◆ **WHAT THE EXERCISE ASKS**:
Retype exactly what appears below from the line containing "In English, we" down to the line containing "Takao Shiotsuka has", keeping both end lines. Do not include pictures.

◆ **SUPPLIED RECORDS**:
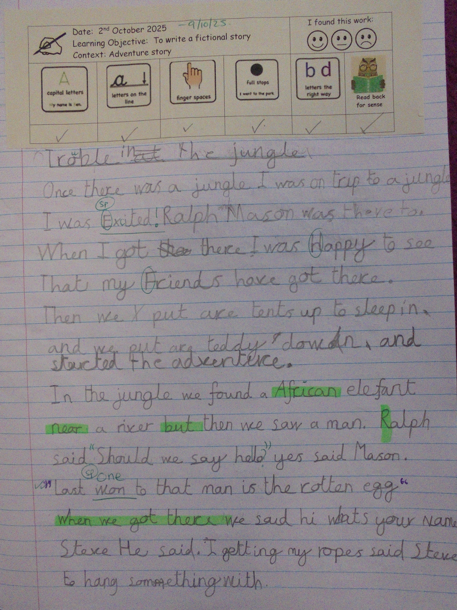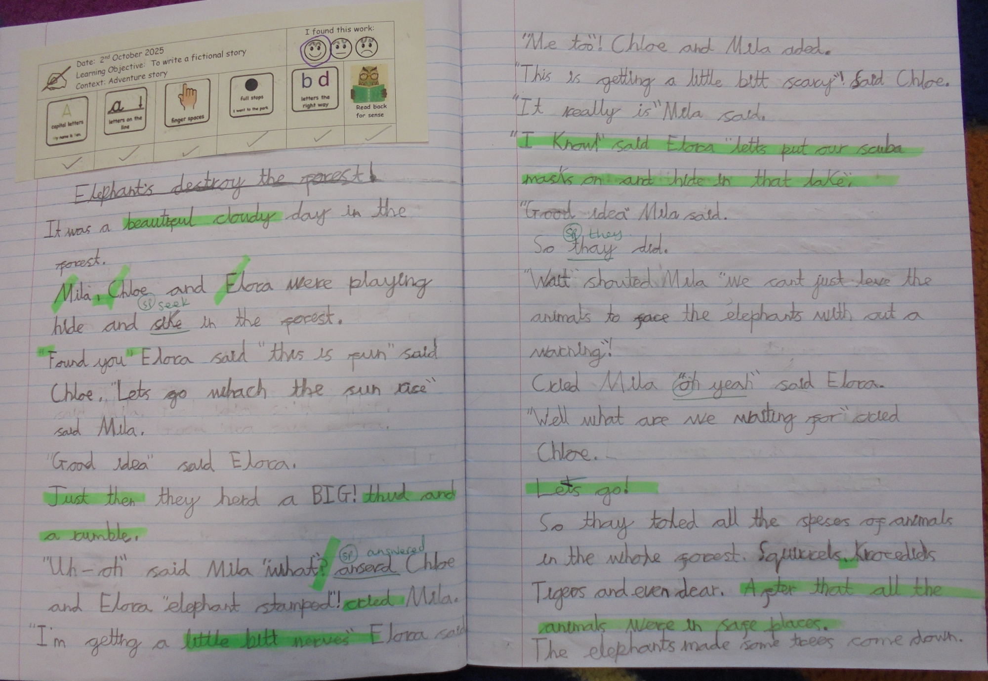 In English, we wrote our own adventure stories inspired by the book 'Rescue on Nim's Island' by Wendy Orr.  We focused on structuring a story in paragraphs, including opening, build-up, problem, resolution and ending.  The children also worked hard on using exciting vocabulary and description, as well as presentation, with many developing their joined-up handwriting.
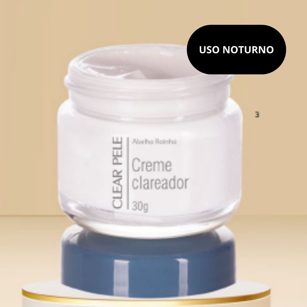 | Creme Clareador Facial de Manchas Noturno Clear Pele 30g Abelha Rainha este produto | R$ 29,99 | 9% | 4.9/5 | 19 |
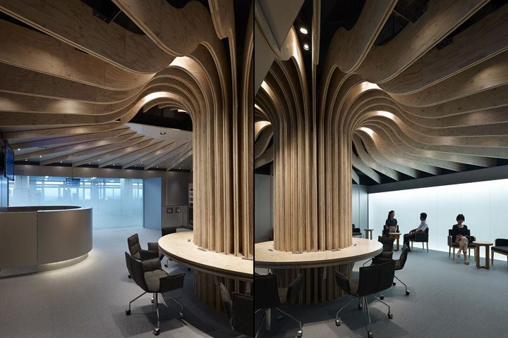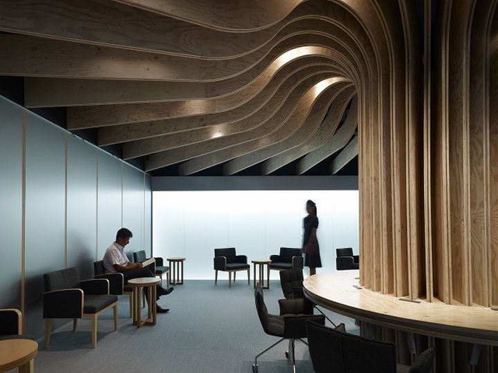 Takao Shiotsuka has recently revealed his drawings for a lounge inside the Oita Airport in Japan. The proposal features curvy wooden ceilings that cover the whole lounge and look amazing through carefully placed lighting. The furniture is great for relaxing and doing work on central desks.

==

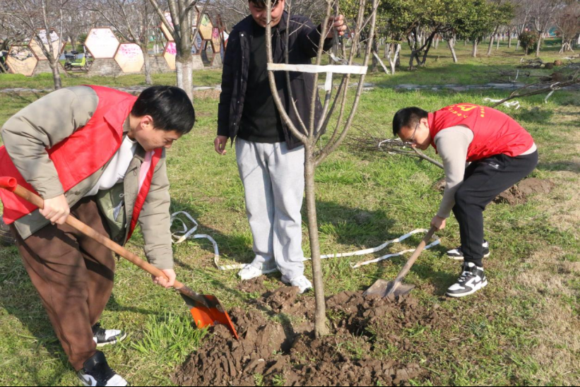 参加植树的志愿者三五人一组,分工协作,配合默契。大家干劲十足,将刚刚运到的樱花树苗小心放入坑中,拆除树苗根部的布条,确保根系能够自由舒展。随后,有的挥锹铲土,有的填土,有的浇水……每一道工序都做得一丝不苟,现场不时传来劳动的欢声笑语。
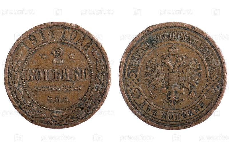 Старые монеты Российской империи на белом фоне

◆ **COMPLETED EXERCISE**:
 In English, we wrote our own adventure stories inspired by the book 'Rescue on Nim's Island' by Wendy Orr.  We focused on structuring a story in paragraphs, including opening, build-up, problem, resolution and ending.  The children also worked hard on using exciting vocabulary and description, as well as presentation, with many developing their joined-up handwriting.
 | Creme Clareador Facial de Manchas Noturno Clear Pele 30g Abelha Rainha este produto | R$ 29,99 | 9% | 4.9/5 | 19 |
 Takao Shiotsuka has recently revealed his drawings for a lounge inside the Oita Airport in Japan. The proposal features curvy wooden ceilings that cover the whole lounge and look amazing through carefully placed lighting. The furniture is great for relaxing and doing work on central desks.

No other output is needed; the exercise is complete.